## [Task goal]
Your response to the data below should hold nothing except the lines from the one containing "12 M auf 2 Nadeln" down to the one containing "총 3번의 미션을 수행하며", reproduced exactly and without pictures.

## [Material provided]
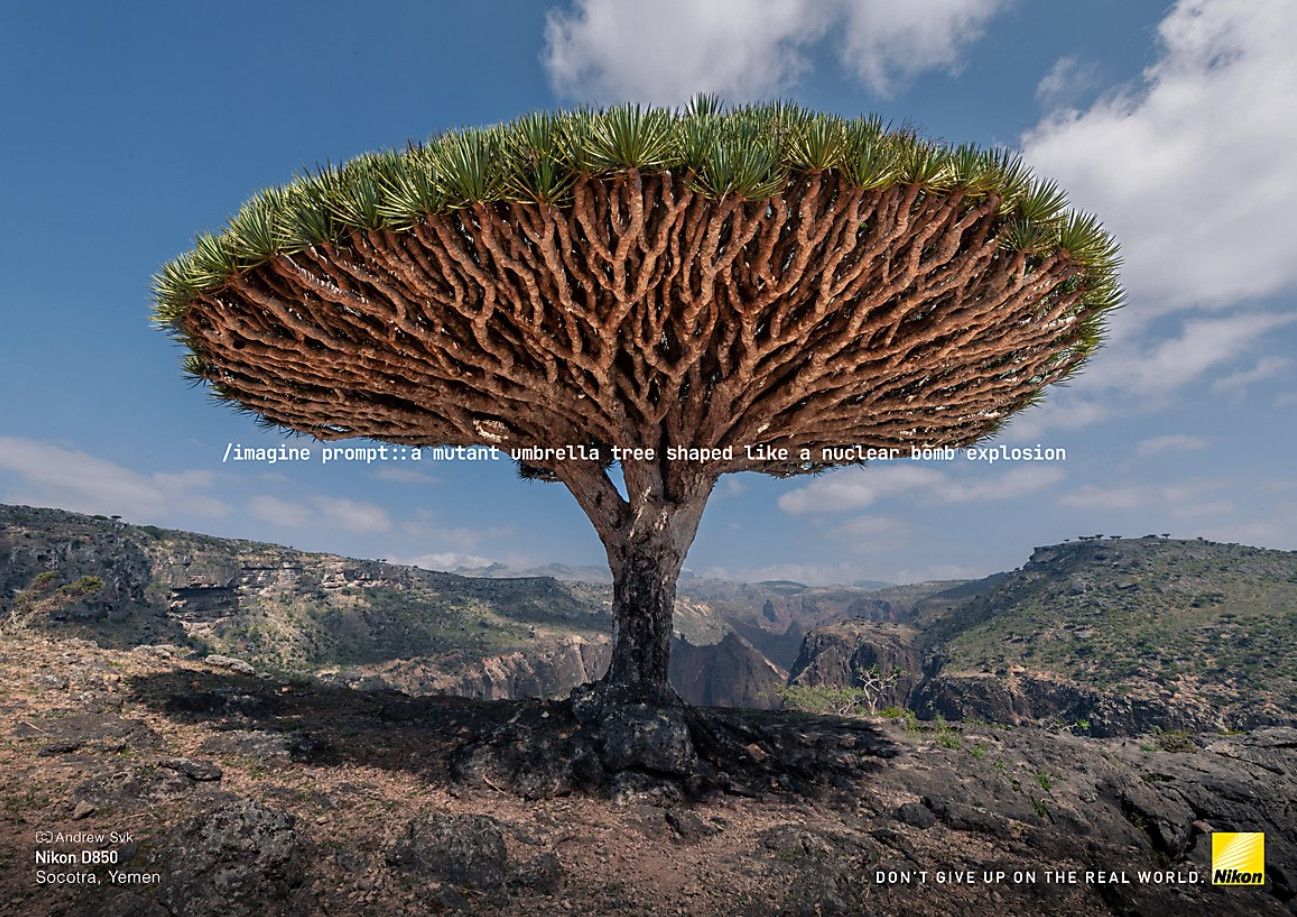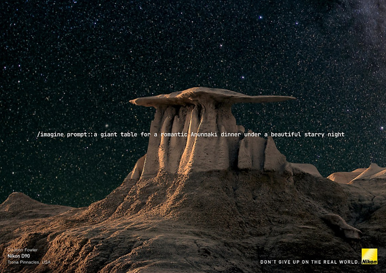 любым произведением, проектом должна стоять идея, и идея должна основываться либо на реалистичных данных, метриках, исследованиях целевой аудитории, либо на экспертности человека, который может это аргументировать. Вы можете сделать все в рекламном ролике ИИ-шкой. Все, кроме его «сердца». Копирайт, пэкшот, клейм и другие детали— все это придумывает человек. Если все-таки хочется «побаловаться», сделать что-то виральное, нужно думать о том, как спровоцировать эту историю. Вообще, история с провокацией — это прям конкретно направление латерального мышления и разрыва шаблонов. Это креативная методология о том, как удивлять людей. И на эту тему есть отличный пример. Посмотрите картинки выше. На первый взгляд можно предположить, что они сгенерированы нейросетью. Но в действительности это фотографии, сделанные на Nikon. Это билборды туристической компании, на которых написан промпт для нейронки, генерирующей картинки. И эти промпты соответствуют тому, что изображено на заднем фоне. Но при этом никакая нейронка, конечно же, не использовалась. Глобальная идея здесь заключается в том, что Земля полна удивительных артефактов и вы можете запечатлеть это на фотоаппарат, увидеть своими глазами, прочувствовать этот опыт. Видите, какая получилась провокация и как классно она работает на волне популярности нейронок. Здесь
--
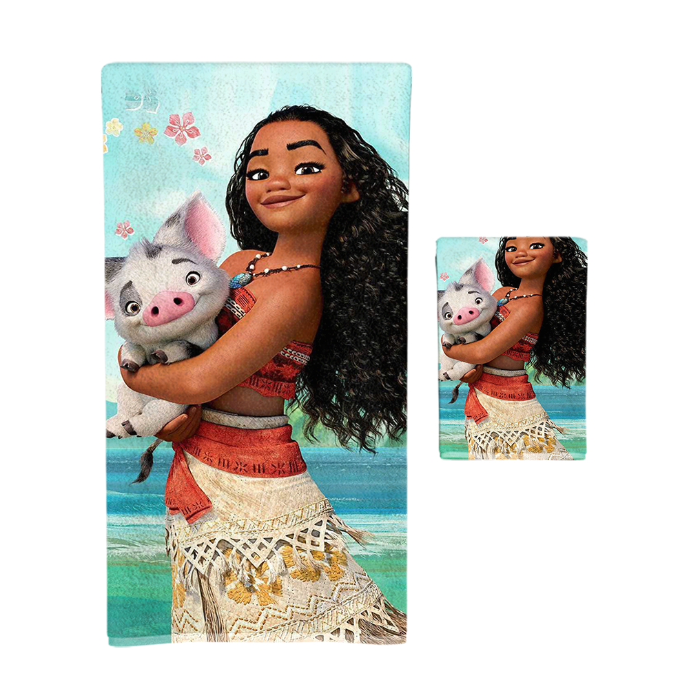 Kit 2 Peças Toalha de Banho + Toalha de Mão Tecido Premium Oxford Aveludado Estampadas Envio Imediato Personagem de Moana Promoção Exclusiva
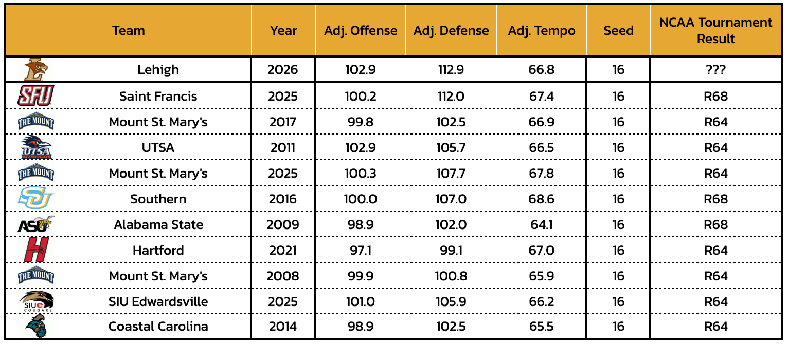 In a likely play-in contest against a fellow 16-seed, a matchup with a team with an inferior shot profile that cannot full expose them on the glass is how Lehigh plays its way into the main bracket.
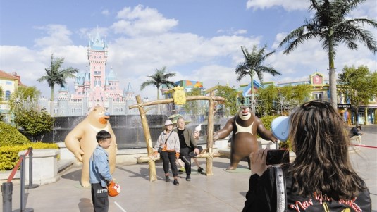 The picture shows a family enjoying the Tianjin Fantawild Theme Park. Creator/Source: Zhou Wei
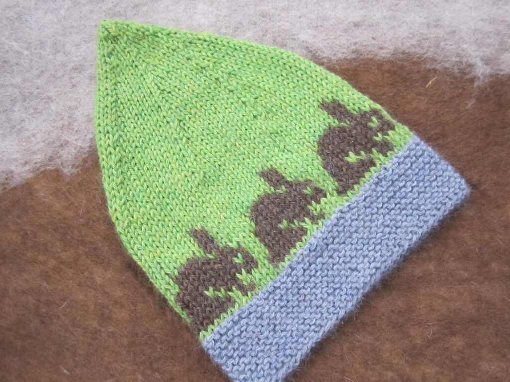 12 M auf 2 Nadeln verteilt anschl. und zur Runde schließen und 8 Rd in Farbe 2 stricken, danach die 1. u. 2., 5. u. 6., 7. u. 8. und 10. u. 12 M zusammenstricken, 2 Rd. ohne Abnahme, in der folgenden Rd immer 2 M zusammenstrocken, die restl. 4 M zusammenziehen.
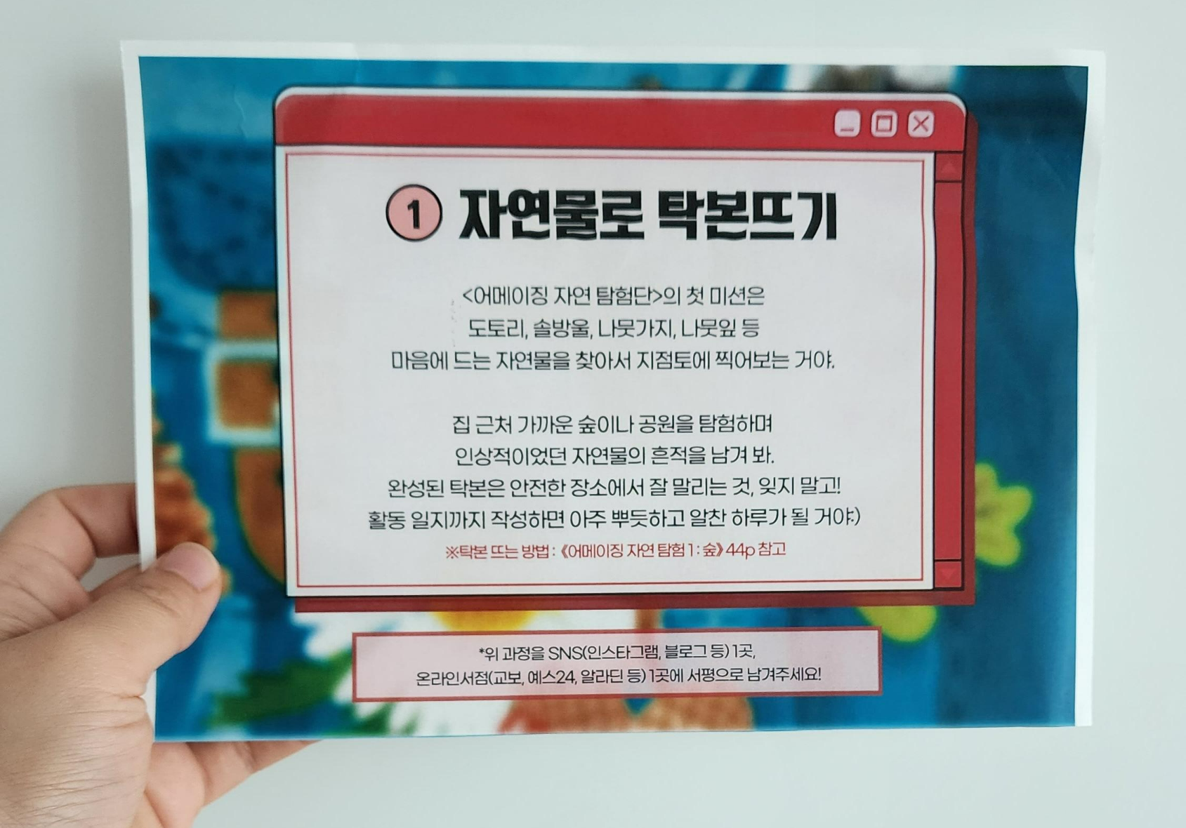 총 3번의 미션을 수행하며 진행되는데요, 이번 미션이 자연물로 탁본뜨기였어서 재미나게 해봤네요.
--
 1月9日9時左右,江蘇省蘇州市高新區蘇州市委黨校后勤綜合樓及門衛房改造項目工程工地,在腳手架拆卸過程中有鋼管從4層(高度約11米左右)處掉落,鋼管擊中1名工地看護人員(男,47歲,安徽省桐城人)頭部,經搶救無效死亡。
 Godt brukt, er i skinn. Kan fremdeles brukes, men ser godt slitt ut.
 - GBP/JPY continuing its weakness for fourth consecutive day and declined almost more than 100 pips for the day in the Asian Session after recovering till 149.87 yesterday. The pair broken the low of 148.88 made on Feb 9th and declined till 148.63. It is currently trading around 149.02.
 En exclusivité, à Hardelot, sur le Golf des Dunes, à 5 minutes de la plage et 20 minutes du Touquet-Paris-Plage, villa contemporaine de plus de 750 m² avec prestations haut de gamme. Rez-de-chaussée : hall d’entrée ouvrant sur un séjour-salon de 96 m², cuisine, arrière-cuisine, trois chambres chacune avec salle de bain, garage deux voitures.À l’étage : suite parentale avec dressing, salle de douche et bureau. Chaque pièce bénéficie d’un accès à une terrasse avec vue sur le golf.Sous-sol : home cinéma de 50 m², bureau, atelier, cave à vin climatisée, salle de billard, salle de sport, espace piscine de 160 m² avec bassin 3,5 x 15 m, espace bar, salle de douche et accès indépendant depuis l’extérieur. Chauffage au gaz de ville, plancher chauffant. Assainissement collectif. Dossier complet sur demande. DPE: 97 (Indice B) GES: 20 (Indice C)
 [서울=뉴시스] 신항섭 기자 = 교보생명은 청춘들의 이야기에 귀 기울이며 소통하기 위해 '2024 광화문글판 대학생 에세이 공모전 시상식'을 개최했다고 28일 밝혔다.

## [Result of the task]
 12 M auf 2 Nadeln verteilt anschl. und zur Runde schließen und 8 Rd in Farbe 2 stricken, danach die 1. u. 2., 5. u. 6., 7. u. 8. und 10. u. 12 M zusammenstricken, 2 Rd. ohne Abnahme, in der folgenden Rd immer 2 M zusammenstrocken, die restl. 4 M zusammenziehen.
 총 3번의 미션을 수행하며 진행되는데요, 이번 미션이 자연물로 탁본뜨기였어서 재미나게 해봤네요.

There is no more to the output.